Below I have pasted the FORTRAN code of my routine for writing an array in parallel. A lot of it was copied from tutorials I found online but I think I understand most of it. However, I am not sure about the specific settings that I am passing to MPI or the values of sieve_buf_size etc. Could these be the cause of the problem?

Any help would be appreciated, including any leads on where to start looking for the problem.

Thanks

Holger

   subroutine write_field(name, field)
     character(LEN=*), intent(in) :: name
     double precision, dimension(x_lo_g:x_hi_g, y_lo_g:x_hi_g, z_lo_g:x_hi_g), intent(in) :: field

     ! [xyz]_lo_g and [xyz]_hi_g are the dimensions of the local grid, including ghost cells
     ! [xyz]_lo_g and [xyz]_hi_g are the dimensions of the inner domain of the local grid, excluding ghost cells
     ! N[xyz] is the size of the global domain, excluding ghost cells

     integer(HID_T) :: plist_id
     integer(HID_T) :: dxpl_id
     integer(HID_T) :: file_id
     integer(HID_T) :: space_id
     integer(HID_T) :: dset_id
     integer(HID_T) :: file_dataspace
     integer(HID_T) :: mem_dataspace

     integer :: mpi_info

     integer :: hdferr, mpierr

     integer(HSIZE_T) :: locdims(3)
     integer(HSIZE_T) :: locdims_g(3)
     integer(HSIZE_T) :: dims(3)
     integer(HSIZE_T) :: start(3)
     integer(HSIZE_T) :: gstart(3)

     integer(8), parameter :: sieve_buf_size = 262144
     integer(8), parameter :: align_threshold = 524288
     integer(8), parameter :: alignment = 262144

     ! call H5Pset_fapl_mpiposix_f(plist_id, MPI_COMM_WORLD, .false., hdferr);

     ! setup file access template
     call H5Pcreate_f(H5P_FILE_ACCESS_F, plist_id, hdferr)

     call H5Pset_sieve_buf_size_f(plist_id, sieve_buf_size, hdferr)
     call H5Pset_alignment_f(plist_id, align_threshold, alignment, hdferr)
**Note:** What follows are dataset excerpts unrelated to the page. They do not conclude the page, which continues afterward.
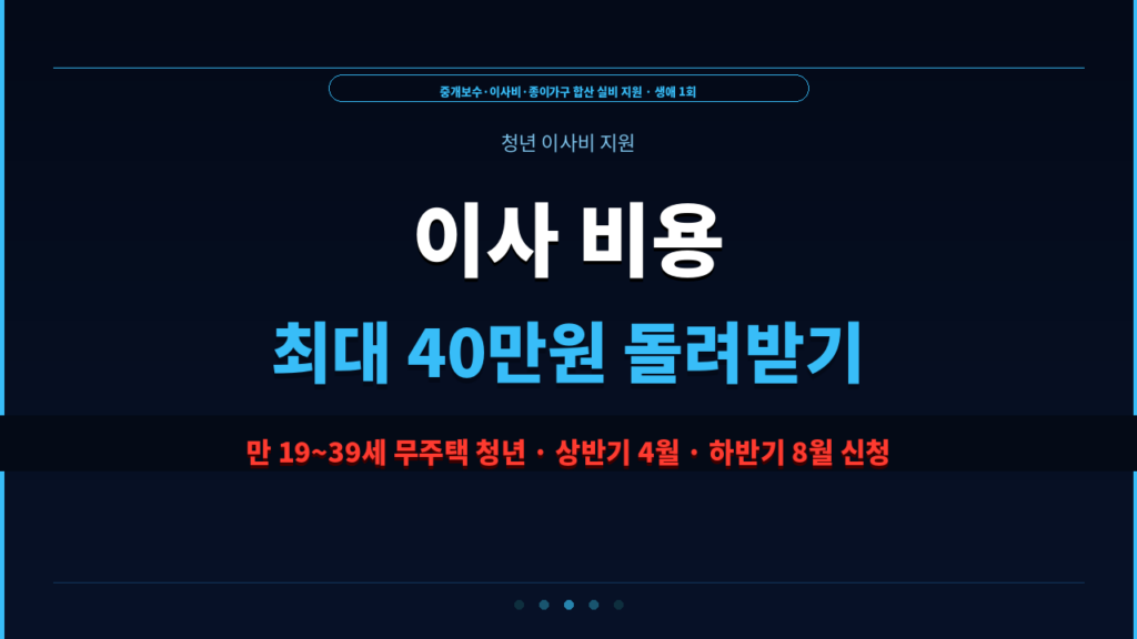 이사하면서 낸 중개보수·이사비, 최대 40만원까지 돌려받을 수 있습니다 서울시 기준 만 19~39세 무주택 청년 · 중위소득 150% 이하 · 생애
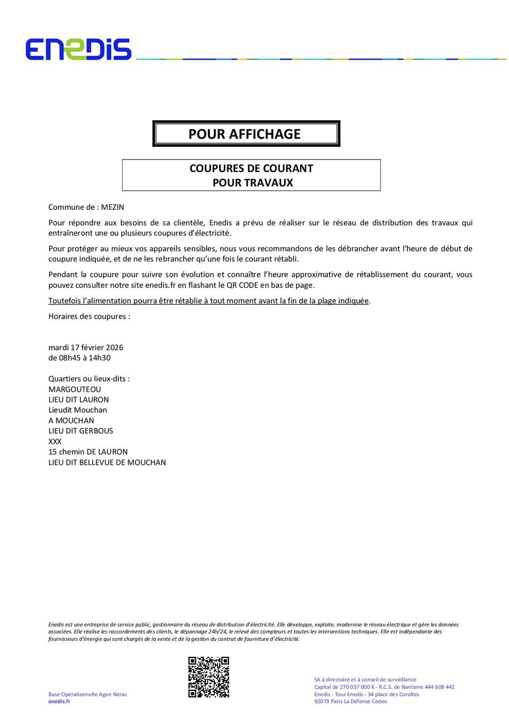 Horaires des coupures :mardi 17 février 2026 de 08 h 45 à 14 h 30
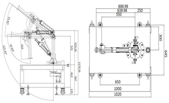 The schematic design of an end effector is displayed in Figure 3 and the schematic diagram of a hydraulic servo system’s base and secondary link is shown in Figure 4.
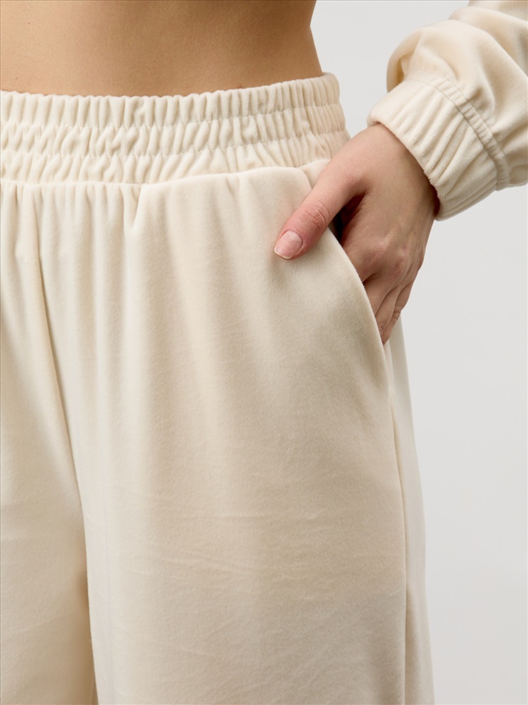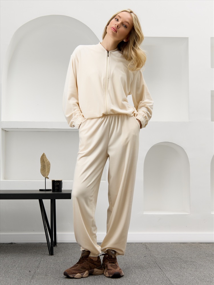 Костюм молодежный из гладкокрашенного полотна «велюр-стрейч», Куртка-бомбер прямого силуэта, свободная, с длинными втачными рукавами, горловиной овальной формы, обработанной втачной планкой, центральной бортовой застежкой на тесьму «молния». Низ изделия и нижние срезы рукавов обработаны подгибкой с вложением широкой эластичной тесьмы.Брюки – длинные, с карманами в боковых швах, на притачном поясе с эластичной тесьмой внутри. Нижние срезы обработаны подгибкой с вложением эластичной тесьмы.
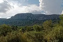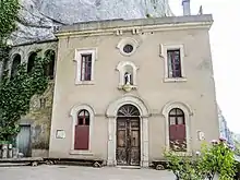 Vue du sanctuaire, au pied des falaises, entourant la grotte de la Sainte-Baume | |
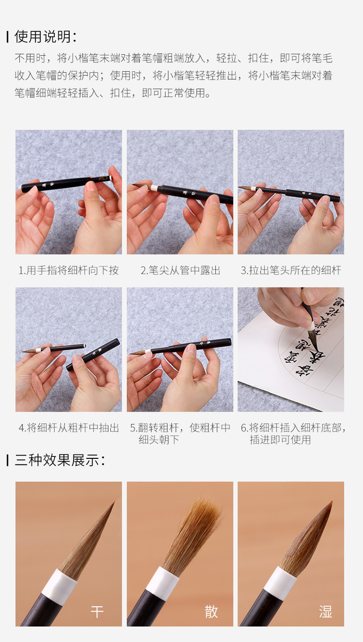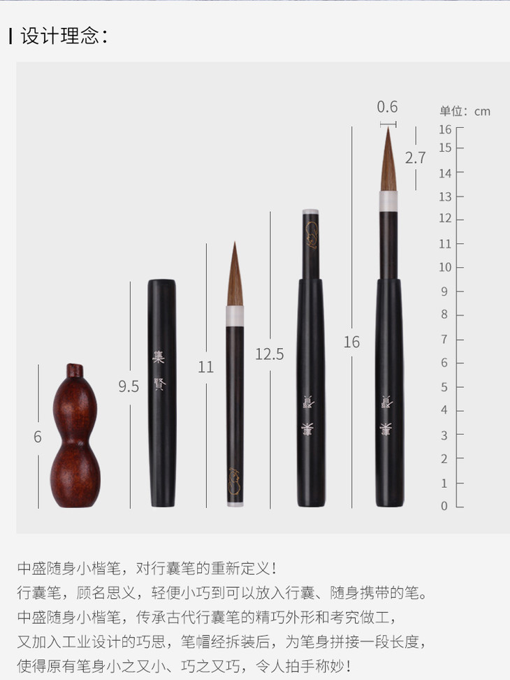 中盛毛笔套装带笔搁随身毛笔狼毫小楷笔初学钢笔式毛笔
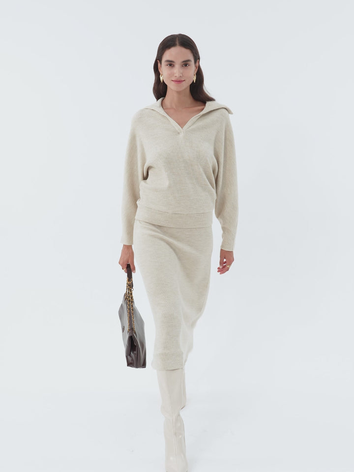 This elevated knit blends plush comfort with a refined ribbed structure. It is soft enough for cozy sweaters, yet structured enough to hold shape in outer layers. The brushed surface brings a subtle, wool-like handfeel.
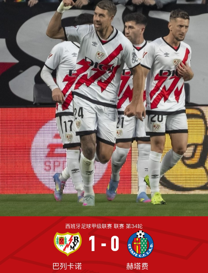 全场比赛结束,巴列卡诺1-0胜赫塔费,送其4连败。
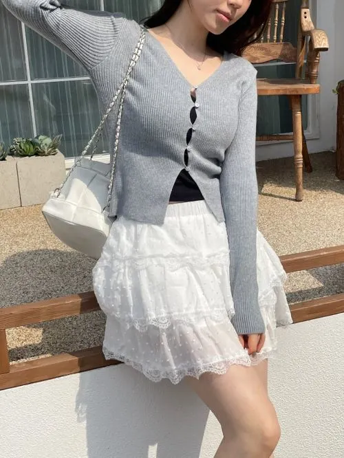 リブVネッククロップドスリムカーディガン
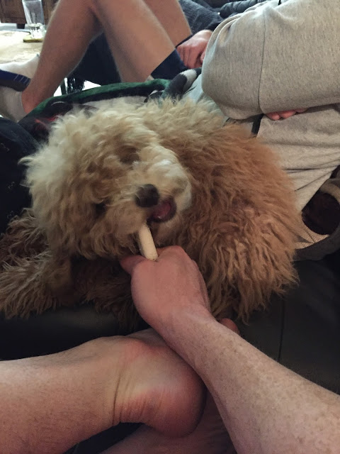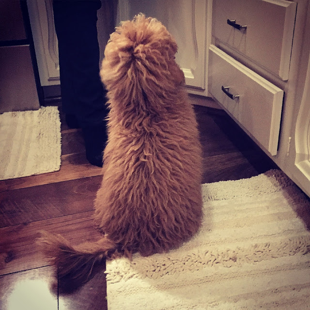 | I couldn't get Mr. Scraps to be interested in Survivor once he found Mr. Pants's bone. Also, Wade is showing a lot of leg in the background. |
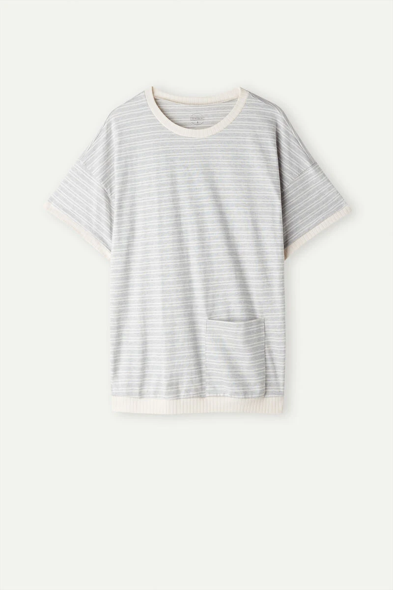 Striped cotton jersey top with round neck and short sleeves. Contrasting ribbed trim. Casual style. Regular fit.

     call MPI_Info_create(mpi_info, mpierr)

     call MPI_Info_set(mpi_info, "access_style", "write_once", mpierr)
     call MPI_Info_set(mpi_info, "collective_buffering", "true", mpierr)
     call MPI_Info_set(mpi_info, "cb_block_size", "1048576", mpierr)
     call MPI_Info_set(mpi_info, "cb_buffer_size", "4194304", mpierr)

     ! set Parallel access with communicator
     call H5Pset_fapl_mpio_f(plist_id, MPI_COMM_WORLD, mpi_info, hdferr);

     ! H5Pset_fapl_mpiposix(plist_id, mpiComm, 0);

     ! open the file collectively
     call H5Fcreate_f(name, H5F_ACC_TRUNC_F, file_id, hdferr, H5P_DEFAULT_F, plist_id);
     ! Release file-access template
     call H5Pclose_f(plist_id, hdferr);
     call H5Pcreate_f(H5P_DATASET_XFER_F, dxpl_id, hdferr)
     call H5Pset_dxpl_mpio_f(dxpl_id, H5FD_MPIO_COLLECTIVE_F, hdferr)

     locdims(1) = x_hi-x_lo+1
     locdims(2) = y_hi-y_lo+1
     locdims(3) = z_hi-z_lo+1

     locdims_g(1) = x_hi_g-x_lo_g+1
     locdims_g(2) = y_hi_g-y_lo_g+1
     locdims_g(3) = z_hi_g-z_lo_g+1

     ! The start is the inner region of the domain, excluding the ghost cells
     start(1) = x_lo
     start(2) = y_lo
     start(3) = z_lo

     gstart = ghost

     ! ************************************************
     ! Beginning of parallel HDF output

     dims(1) = Nx
     dims(2) = Ny
     dims(3) = Nz

     ! create a simple dataspace with global dimensions
     call H5Screate_simple_f(3, dims, space_id, hdferr)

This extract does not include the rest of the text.